Work item
Leaving out the images, reproduce every line of the data that follows exactly.

Supplied material
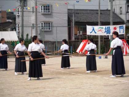 なぎなたの演武がありました。毎週火曜日夜に本校体育館で練習をされています。
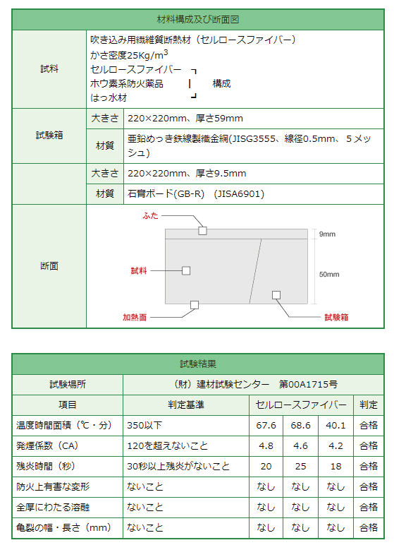 「セルロースファイバー」はJISA1321(建物内の内装材料および工法の難燃性試験方法)に規定する難燃3級の表面試験に合格しています。
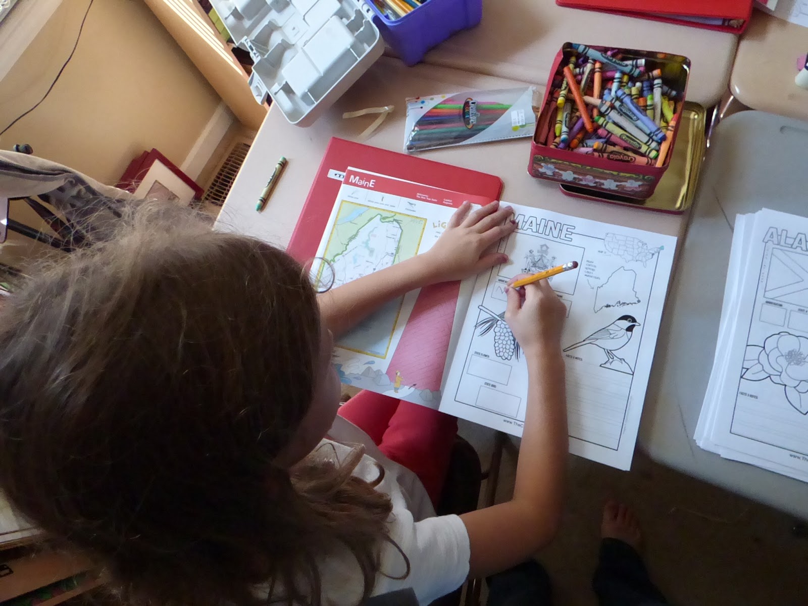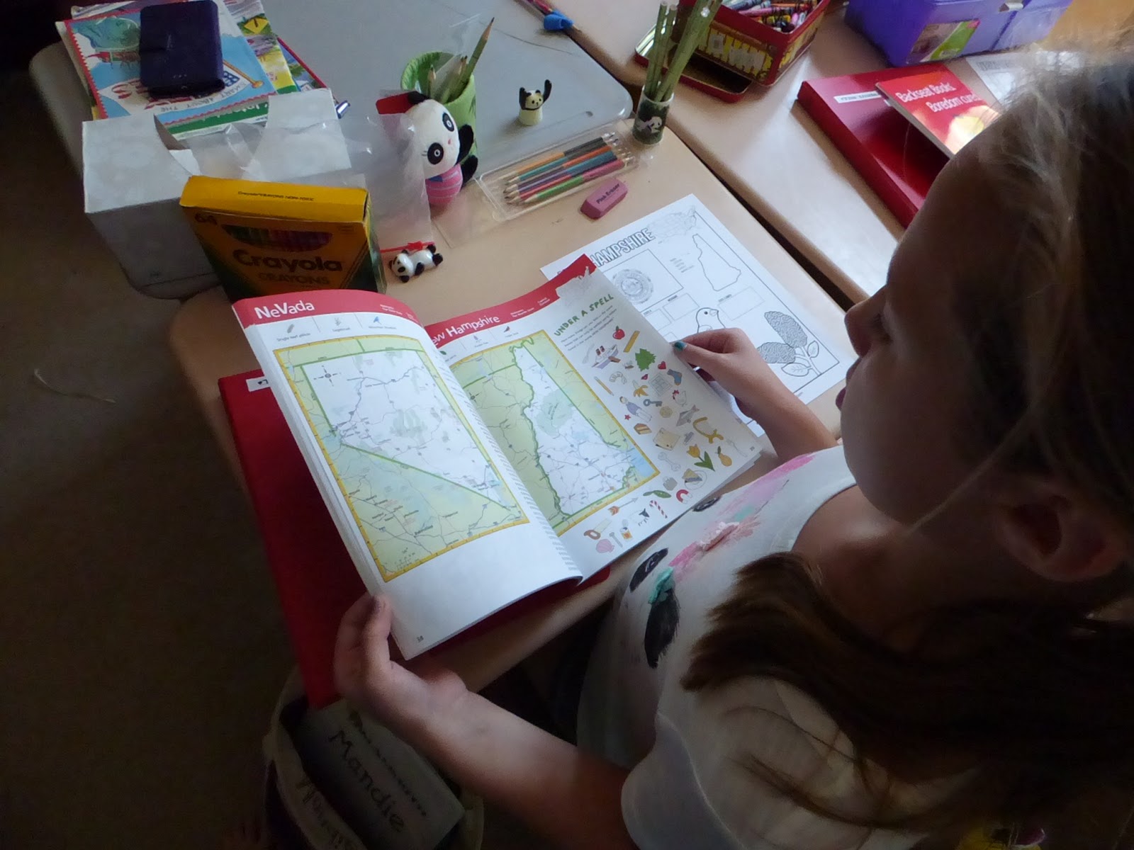 There is no set order for completion, so I decided to order the states by region, beginning with New England. I printed an entire set of states for each of the girls and organizing them by region was very easy as they are alphabetized. Each of the girls has an expensive United States road Atlas for kids I’d had tucked away for a while now. It was great for them to each have their own resource for this so they could find information for themselves. I had several other United States fact books as well.

Answer below
 なぎなたの演武がありました。毎週火曜日夜に本校体育館で練習をされています。
 「セルロースファイバー」はJISA1321(建物内の内装材料および工法の難燃性試験方法)に規定する難燃3級の表面試験に合格しています。
 There is no set order for completion, so I decided to order the states by region, beginning with New England. I printed an entire set of states for each of the girls and organizing them by region was very easy as they are alphabetized. Each of the girls has an expensive United States road Atlas for kids I’d had tucked away for a while now. It was great for them to each have their own resource for this so they could find information for themselves. I had several other United States fact books as well.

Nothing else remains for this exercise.